Australia Parliament Vote on RU 486 Abortion Drug Likely Not til 2006
by Steven Ertelt
November 29, 2005
Canberra, Australia (LifeNews.com) — Members of the Australian parliament will get a conscience vote on whether to allow sales of the dangerous RU 486 abortion drug, but the vote will probably not take place until next year.
Prime Minister John Howard yesterday told a meeting of MPs yesterday they would be given the conscience vote instead of being required to follow the party line. He also said lawmakers should agree with him to hold a vote next year or face the prospect of no vote at all.
Opposition and Australian Democrats say the debate and vote should take place in the week and a half remaining in the current session of parliament but a spokesman for Health Minister Tony Abbott said it would take place next year.
In 1996, the Australian government prohibited sales of the dangerous abortion drug, which has been responsible for the deaths of at least four American women, one in Canada and another in Sweden.
Responsibility for the legalization of the abortion drug rests with Abbott, who has denied allowing its sale after advice from the nation’s chief doctor. But lawmakers in Parliament want to legalize it and have called for legislation to take the authority from Abbott and place it in the hands of the legislature.
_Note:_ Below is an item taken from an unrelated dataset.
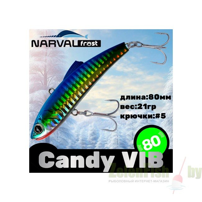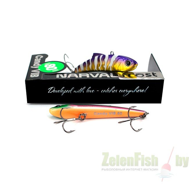 Спиннинговая приманка типа VIB/Rattlin. Приманки подобного типа давно пользуются большим успехом у рыболовов, кто предпочитает ловить крупного донного хищника на больших глубинах, например, судака, щуку или крупного донного окуня. Разнообразная UV-цветовая палитра, включая как натуралистичные окрасы, так и яркие «кислотные» оттенки, быстрое включение в работу, уверенная игра, а какие траектории они выписывают, хищник просто не силах устоять и атакует приманку. Narval Frost Candy Vib очень актуален не только по открытой воде при ловле в заброс и в вертикальном джиггинге, но и зимой из-подо льда. На вооружении приманки стоит пара острых прочных тройников.

Abbot said he wouldn’t mind a vote about removing the authority but a vote on a second bill to legalize RU 486 should wait,
"Let the TGA Bill go through before Christmas because it is, of itself, an uncontroversial Bill, and then in the new year we can deal with any Private Member’s Bill or any Democrats Bill that comes forward dealing with the RU-486 issue," Abbott told the Courier-Mail newspaper.
However, Democrats leader Lyn Allison said she would not withdraw her legislation and pressed for a vote now.
"We are very pleased that the Prime Minister has announced a conscience vote and so we would like to proceed on that basis," Senator Allison said.
To bring up a vote now, the Democrats would need the support of at least one Government party senator, but that’s not likely with Howard’s decision to have the vote next year. Government MPs are all expected to back their Prime Minister’s decision.